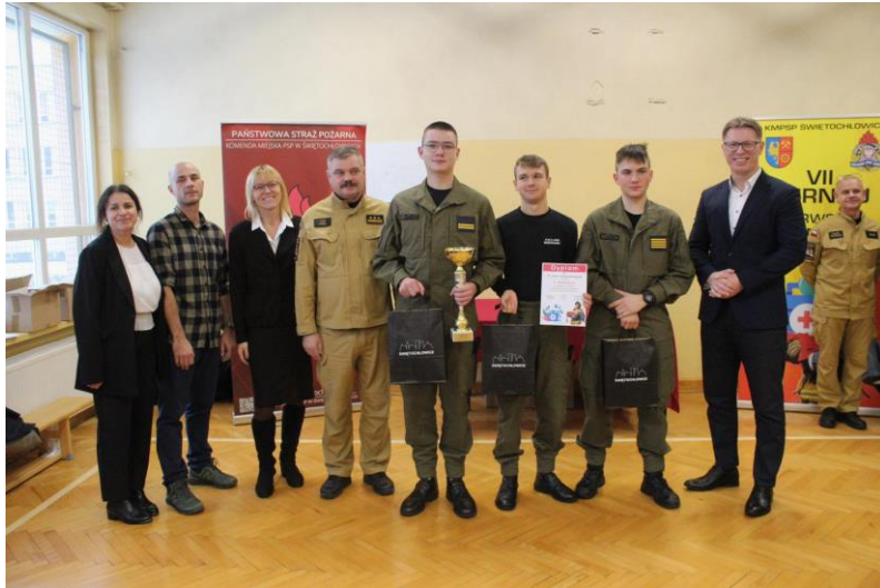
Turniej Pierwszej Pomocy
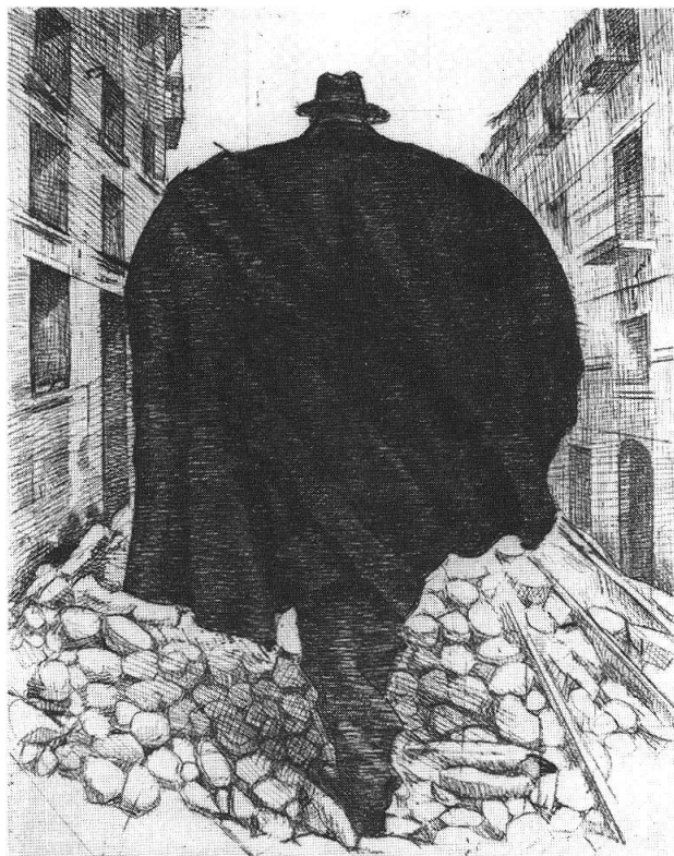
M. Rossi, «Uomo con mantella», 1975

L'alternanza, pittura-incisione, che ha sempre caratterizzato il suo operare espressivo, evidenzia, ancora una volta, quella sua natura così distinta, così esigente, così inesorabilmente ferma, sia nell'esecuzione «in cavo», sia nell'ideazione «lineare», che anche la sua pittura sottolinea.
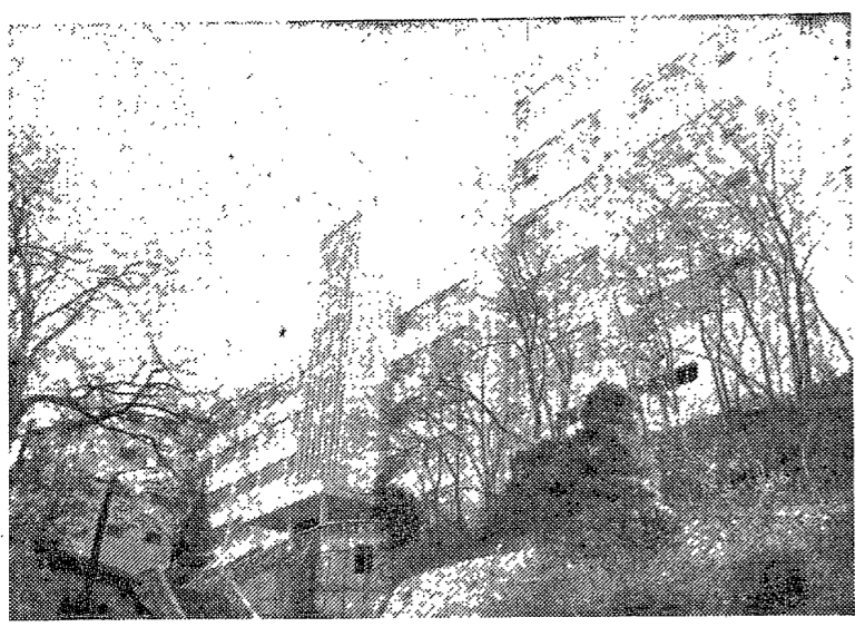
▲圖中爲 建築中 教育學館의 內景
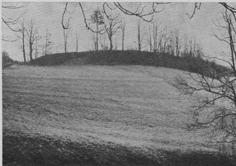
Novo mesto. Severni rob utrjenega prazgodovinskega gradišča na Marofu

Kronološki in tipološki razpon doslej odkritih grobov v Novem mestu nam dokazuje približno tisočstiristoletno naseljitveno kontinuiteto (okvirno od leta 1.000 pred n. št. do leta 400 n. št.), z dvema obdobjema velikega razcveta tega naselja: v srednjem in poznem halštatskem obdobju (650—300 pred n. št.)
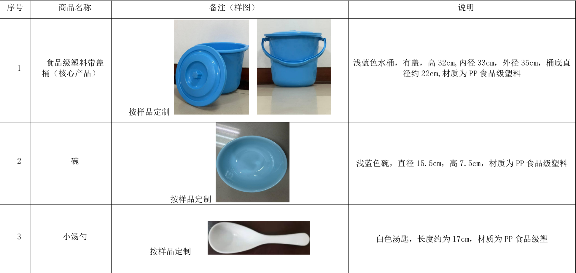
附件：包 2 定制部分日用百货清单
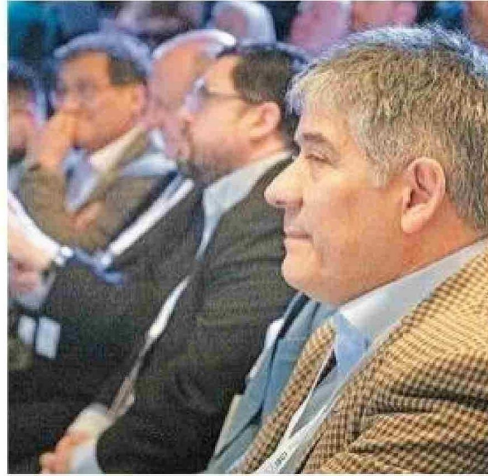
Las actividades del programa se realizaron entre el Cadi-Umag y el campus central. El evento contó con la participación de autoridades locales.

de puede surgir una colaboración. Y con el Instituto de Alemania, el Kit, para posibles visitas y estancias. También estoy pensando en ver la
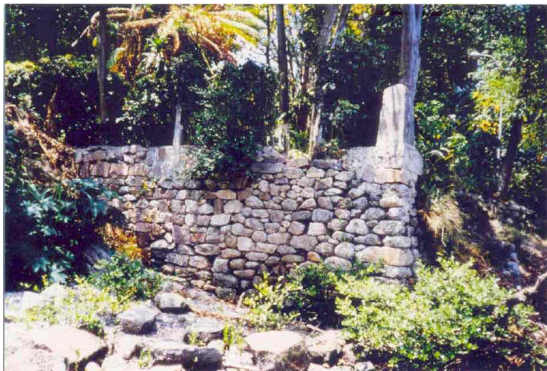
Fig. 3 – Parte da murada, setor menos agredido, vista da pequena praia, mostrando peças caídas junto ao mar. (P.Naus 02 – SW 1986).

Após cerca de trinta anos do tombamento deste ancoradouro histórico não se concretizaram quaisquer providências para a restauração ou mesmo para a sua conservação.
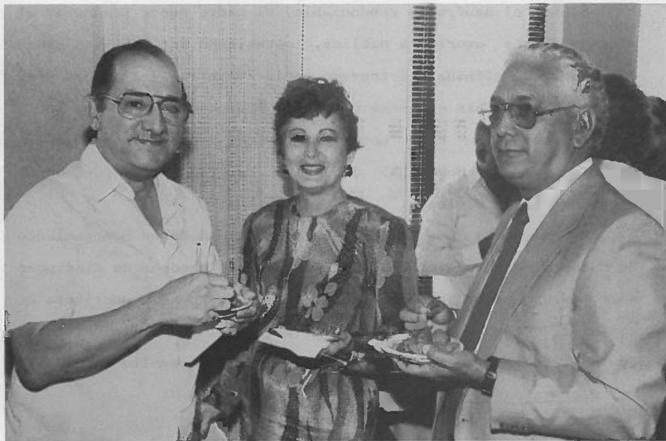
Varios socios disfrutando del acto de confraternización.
※ ※ ※
• [WHAT THE EXERCISE ASKS] Transcribe exactly the lines running from the line with "Kronološki in tipološki" to the last line of the entries. Pictures stay out of the copy.

• [SOLVED EXERCISE]
Kronološki in tipološki razpon doslej odkritih grobov v Novem mestu nam dokazuje približno tisočstiristoletno naseljitveno kontinuiteto (okvirno od leta 1.000 pred n. št. do leta 400 n. št.), z dvema obdobjema velikega razcveta tega naselja: v srednjem in poznem halštatskem obdobju (650—300 pred n. št.)
附件：包 2 定制部分日用百货清单
Las actividades del programa se realizaron entre el Cadi-Umag y el campus central. El evento contó con la participación de autoridades locales.

de puede surgir una colaboración. Y con el Instituto de Alemania, el Kit, para posibles visitas y estancias. También estoy pensando en ver la
Fig. 3 – Parte da murada, setor menos agredido, vista da pequena praia, mostrando peças caídas junto ao mar. (P.Naus 02 – SW 1986).

Após cerca de trinta anos do tombamento deste ancoradouro histórico não se concretizaram quaisquer providências para a restauração ou mesmo para a sua conservação.
Varios socios disfrutando del acto de confraternización.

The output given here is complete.